S’adapter aux changements climatiques est un enjeu capital dans la lutte contre le dérèglement climatique. Selon le GIEC, l’adaptation au changement climatique est l’ensemble des activités qui, d’une part, limitent les impacts négatifs de ce changement et, d’autre part, favorisent l’accès aux nouvelles possibilités offertes par ce même changement. « Il est très important de placer la question de l’adaptation au centre de l’agenda de la COP26 en raison de ses effets énormes sur les ressources naturelles de nombreux pays. Il faut engager des discussions sur l’économie verte et son rapport avec l’adaptation », a déclaré la ministre de l’Environnement, Yasmine Fouad, avant d’ajouter : « L’Egypte a pris des mesures sérieuses ces dernières années pour s’adapter et atténuer les effets des changements climatiques tant au niveau national que régional et remplir ses engagements envers les accords écologiques internationaux ». L’Egypte est en train d’élaborer sa stratégie relative aux changements climatiques d’ici 2050. La transition vers les énergies renouvelables n’est plus un choix, mais une nécessité. Pour réaliser cet objectif, l’Egypte travaille en vue de diversifier son bouquet énergétique. Elle compte produire 42 % de son électricité à partir de sources renouvelables d’ici 2035. Sur le plan régional, l’Egypte a lancé en 2015 « l’initiative africaine d’adaptation au climat » et a coprésidé avec la Grande-Bretagne une « alliance pour l’adaptation face au changement climatique ».

L’Afrique doit être au coeur des négociations du climat, puisque c’est le continent qui produit le moins d’émissions, mais qui subit les plus grandes conséquences.
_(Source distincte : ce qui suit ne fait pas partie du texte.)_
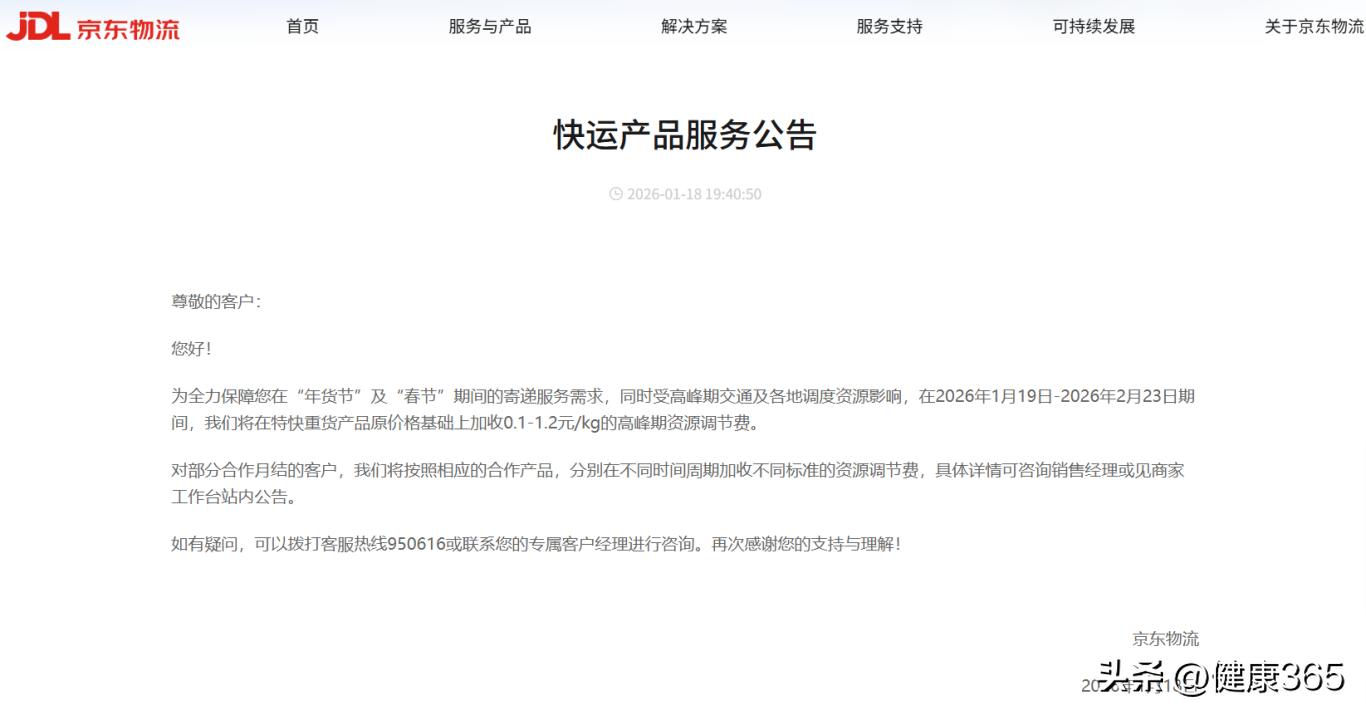 1月23日,顺丰于官方微博再次表明,自2026年春节起,将持续推行“春节不打烊”举措,揽收以及派送工作会正常开展,不过会额外收取一定数额的资源调节费。而在同一天,京东物流告示称,全国核心城市会维持正常配送状态。

Selon l’Onu, plus de la moitié des pays africains sont susceptibles de connaître des conflits liés au climat. Faire entendre la voix de l’Afrique sera la mission de l’Egypte qui a été choisie par le Conseil de paix et de sécurité de l’Union africaine, en avril dernier, comme le représentant de l’Afrique pour accueillir la COP27 en novembre 2022. « L’Egypte est déterminée à conduire les efforts internationaux pour transmettre les demandes urgentes des pays africains qui réclament davantage de soutien international à leurs programmes et initiatives nationaux d’adaptation au climat. La COP26 sera également une occasion pour l’Egypte de tenter de coordonner les vues sur les sujets controversés entre les pays en développement et ceux développés », a affirmé la ministre de l’Environnement. « Il n’y a pas de temps à perdre et il n’y a pas de place pour les excuses », a insisté Antonio Guterres, secrétaire général de l’Onu, demandant à ce que la COP26 soit un « succès » après cette alerte rouge pour l’humanité lancée par le GIEC.